Task: Repeat each line of the data below exactly, but skip the pictures.

Recorded information:

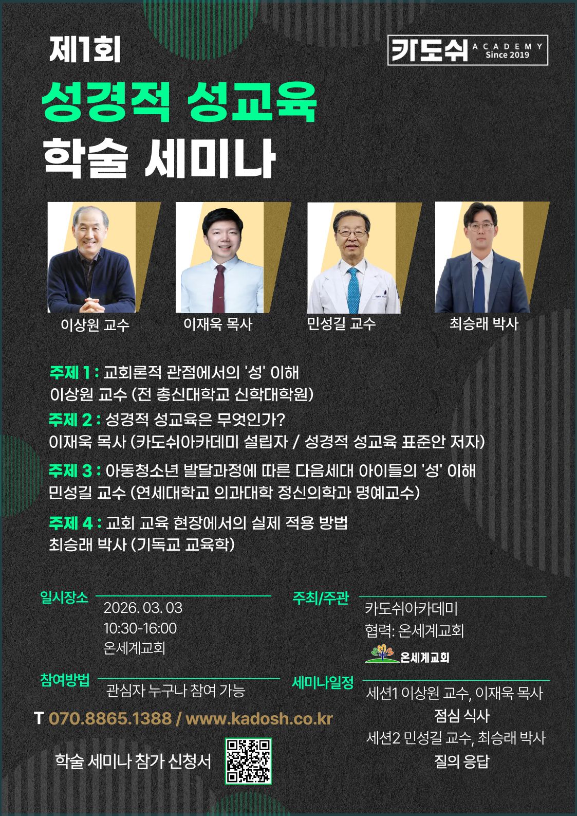 카도쉬아카데미는 오는 3월 3일, 온세계교회에서 ‘제1회 성경적 성교육 학술 세미나’를 개최한다고 밝혔다. 이번 세미나는 성교육을 단순한 캠페인이나 일회성 강연이 아닌, 교회 교육의 책임과 방향을 학문적으로 논의하는 자리로 기획됐다.
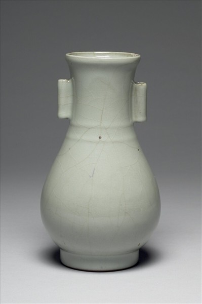 撇口,短頸,雙貫耳,碩腹,圈足,口緣有舊傷缺。頸部飾凸弦紋二道,全器滿施淺青仿官釉,釉色勻淡,滿佈冰裂開片紋。圈足露胎,塗赭色汁。
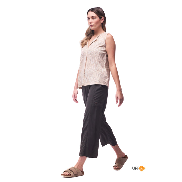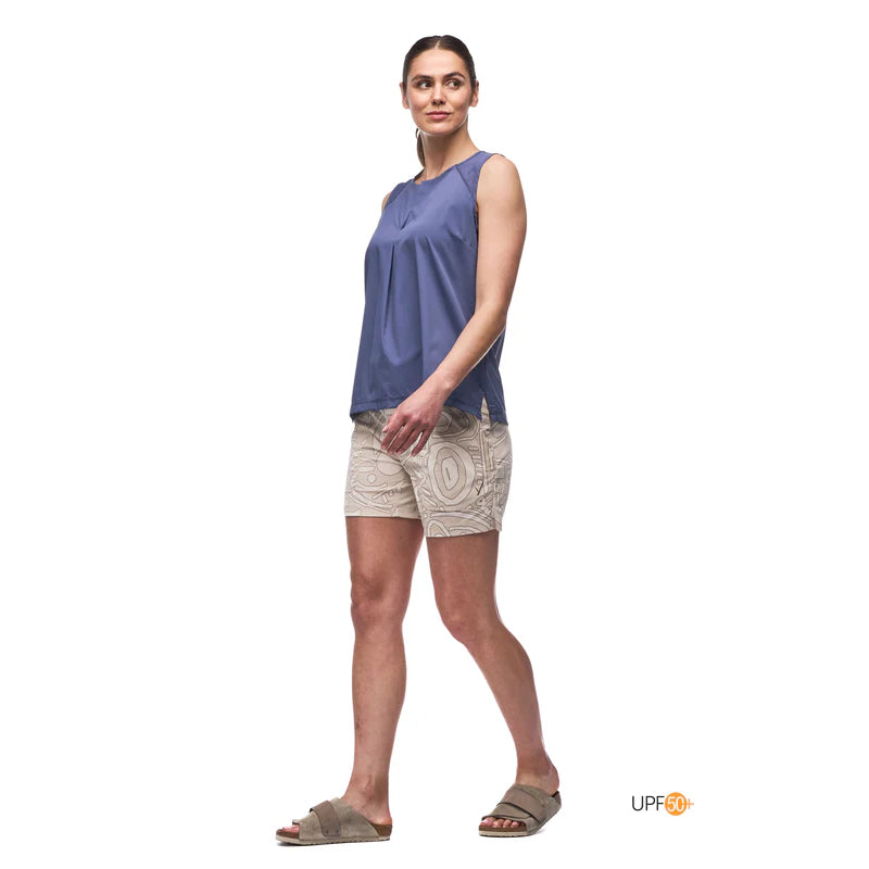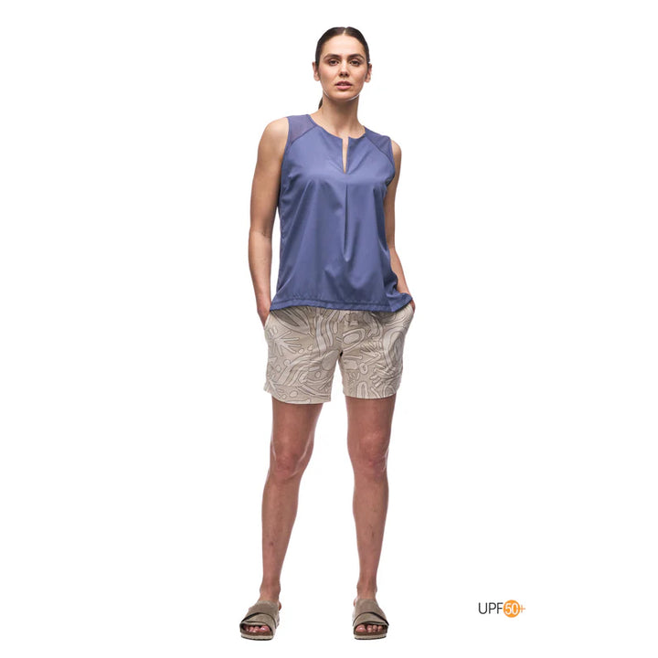 The Indyeva Steek II Sleeveless Shirt features mesh inserts at the shoulder, a front pleat, and a v-notch collar. Its lightweight, airy design makes it an excellent choice for both daytime outdoor adventures and evening outings. With a loose fit and hip-length, this top is suitable for a variety of activities including strolls in the woods, day hikes, long hikes, casual wear, and travel.

Response:
 카도쉬아카데미는 오는 3월 3일, 온세계교회에서 ‘제1회 성경적 성교육 학술 세미나’를 개최한다고 밝혔다. 이번 세미나는 성교육을 단순한 캠페인이나 일회성 강연이 아닌, 교회 교육의 책임과 방향을 학문적으로 논의하는 자리로 기획됐다.
 撇口,短頸,雙貫耳,碩腹,圈足,口緣有舊傷缺。頸部飾凸弦紋二道,全器滿施淺青仿官釉,釉色勻淡,滿佈冰裂開片紋。圈足露胎,塗赭色汁。
 The Indyeva Steek II Sleeveless Shirt features mesh inserts at the shoulder, a front pleat, and a v-notch collar. Its lightweight, airy design makes it an excellent choice for both daytime outdoor adventures and evening outings. With a loose fit and hip-length, this top is suitable for a variety of activities including strolls in the woods, day hikes, long hikes, casual wear, and travel.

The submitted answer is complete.